**AIM OF THE TASK**
Every line from the one with "紅葉が終盤を迎え、朝に霜柱が" through the final line of the entries below should be returned exactly; leave out all other lines.

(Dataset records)
######

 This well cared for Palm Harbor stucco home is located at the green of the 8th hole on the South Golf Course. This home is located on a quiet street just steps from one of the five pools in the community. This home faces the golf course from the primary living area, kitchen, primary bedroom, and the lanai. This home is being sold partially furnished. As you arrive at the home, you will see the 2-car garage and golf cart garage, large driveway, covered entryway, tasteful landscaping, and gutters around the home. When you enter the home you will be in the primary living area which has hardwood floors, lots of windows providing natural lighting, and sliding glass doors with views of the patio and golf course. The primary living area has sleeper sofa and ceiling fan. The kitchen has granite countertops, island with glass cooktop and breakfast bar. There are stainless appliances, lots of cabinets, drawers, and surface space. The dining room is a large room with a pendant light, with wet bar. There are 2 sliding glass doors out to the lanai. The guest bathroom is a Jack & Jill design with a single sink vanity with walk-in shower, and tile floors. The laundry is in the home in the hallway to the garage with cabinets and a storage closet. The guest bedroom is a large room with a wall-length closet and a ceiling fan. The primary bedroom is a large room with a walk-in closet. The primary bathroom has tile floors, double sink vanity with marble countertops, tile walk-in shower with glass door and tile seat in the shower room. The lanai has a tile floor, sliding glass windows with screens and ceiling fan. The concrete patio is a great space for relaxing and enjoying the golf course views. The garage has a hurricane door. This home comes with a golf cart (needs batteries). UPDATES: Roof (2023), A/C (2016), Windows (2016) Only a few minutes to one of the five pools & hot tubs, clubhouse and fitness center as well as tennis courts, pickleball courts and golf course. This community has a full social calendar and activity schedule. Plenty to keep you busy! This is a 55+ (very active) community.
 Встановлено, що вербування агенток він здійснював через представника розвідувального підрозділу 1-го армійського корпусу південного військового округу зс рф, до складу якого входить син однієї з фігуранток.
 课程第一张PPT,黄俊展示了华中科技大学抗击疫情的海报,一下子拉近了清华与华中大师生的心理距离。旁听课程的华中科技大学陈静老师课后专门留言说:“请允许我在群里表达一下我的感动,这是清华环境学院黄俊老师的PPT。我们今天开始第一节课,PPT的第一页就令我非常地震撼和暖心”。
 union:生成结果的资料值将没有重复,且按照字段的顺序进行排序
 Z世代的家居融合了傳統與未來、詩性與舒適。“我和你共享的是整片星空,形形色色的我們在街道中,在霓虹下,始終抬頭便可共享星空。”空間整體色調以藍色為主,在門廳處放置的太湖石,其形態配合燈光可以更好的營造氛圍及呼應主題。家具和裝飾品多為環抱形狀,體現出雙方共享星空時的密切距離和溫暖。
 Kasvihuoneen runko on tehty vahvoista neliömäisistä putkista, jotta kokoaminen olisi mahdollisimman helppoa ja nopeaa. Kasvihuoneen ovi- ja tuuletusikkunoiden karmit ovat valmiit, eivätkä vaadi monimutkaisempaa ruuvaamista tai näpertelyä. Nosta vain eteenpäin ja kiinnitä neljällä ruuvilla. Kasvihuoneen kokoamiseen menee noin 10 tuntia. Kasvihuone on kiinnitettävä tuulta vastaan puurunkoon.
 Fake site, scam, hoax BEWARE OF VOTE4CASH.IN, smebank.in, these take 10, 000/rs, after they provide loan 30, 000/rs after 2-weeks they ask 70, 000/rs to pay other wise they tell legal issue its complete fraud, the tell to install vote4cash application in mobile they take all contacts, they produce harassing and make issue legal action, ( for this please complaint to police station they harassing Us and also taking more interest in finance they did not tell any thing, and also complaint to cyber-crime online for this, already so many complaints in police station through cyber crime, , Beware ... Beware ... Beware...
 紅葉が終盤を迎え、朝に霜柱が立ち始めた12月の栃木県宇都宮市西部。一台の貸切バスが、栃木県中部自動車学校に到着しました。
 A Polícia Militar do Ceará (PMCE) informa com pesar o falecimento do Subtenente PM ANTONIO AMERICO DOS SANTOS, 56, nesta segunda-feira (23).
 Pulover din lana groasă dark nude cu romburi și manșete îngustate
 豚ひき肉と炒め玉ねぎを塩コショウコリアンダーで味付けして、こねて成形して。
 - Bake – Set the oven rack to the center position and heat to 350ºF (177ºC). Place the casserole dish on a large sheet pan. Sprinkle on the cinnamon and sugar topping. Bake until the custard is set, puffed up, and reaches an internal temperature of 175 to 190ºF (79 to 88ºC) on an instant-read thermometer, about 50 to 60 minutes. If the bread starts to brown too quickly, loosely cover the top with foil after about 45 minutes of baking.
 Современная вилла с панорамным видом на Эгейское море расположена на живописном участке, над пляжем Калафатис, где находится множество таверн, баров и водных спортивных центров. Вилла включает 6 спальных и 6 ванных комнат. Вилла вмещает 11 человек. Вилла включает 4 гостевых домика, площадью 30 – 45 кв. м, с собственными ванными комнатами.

######

**YOUR RESPONSE**
 紅葉が終盤を迎え、朝に霜柱が立ち始めた12月の栃木県宇都宮市西部。一台の貸切バスが、栃木県中部自動車学校に到着しました。
 A Polícia Militar do Ceará (PMCE) informa com pesar o falecimento do Subtenente PM ANTONIO AMERICO DOS SANTOS, 56, nesta segunda-feira (23).
 Pulover din lana groasă dark nude cu romburi și manșete îngustate
 豚ひき肉と炒め玉ねぎを塩コショウコリアンダーで味付けして、こねて成形して。
 - Bake – Set the oven rack to the center position and heat to 350ºF (177ºC). Place the casserole dish on a large sheet pan. Sprinkle on the cinnamon and sugar topping. Bake until the custard is set, puffed up, and reaches an internal temperature of 175 to 190ºF (79 to 88ºC) on an instant-read thermometer, about 50 to 60 minutes. If the bread starts to brown too quickly, loosely cover the top with foil after about 45 minutes of baking.
 Современная вилла с панорамным видом на Эгейское море расположена на живописном участке, над пляжем Калафатис, где находится множество таверн, баров и водных спортивных центров. Вилла включает 6 спальных и 6 ванных комнат. Вилла вмещает 11 человек. Вилла включает 4 гостевых домика, площадью 30 – 45 кв. м, с собственными ванными комнатами.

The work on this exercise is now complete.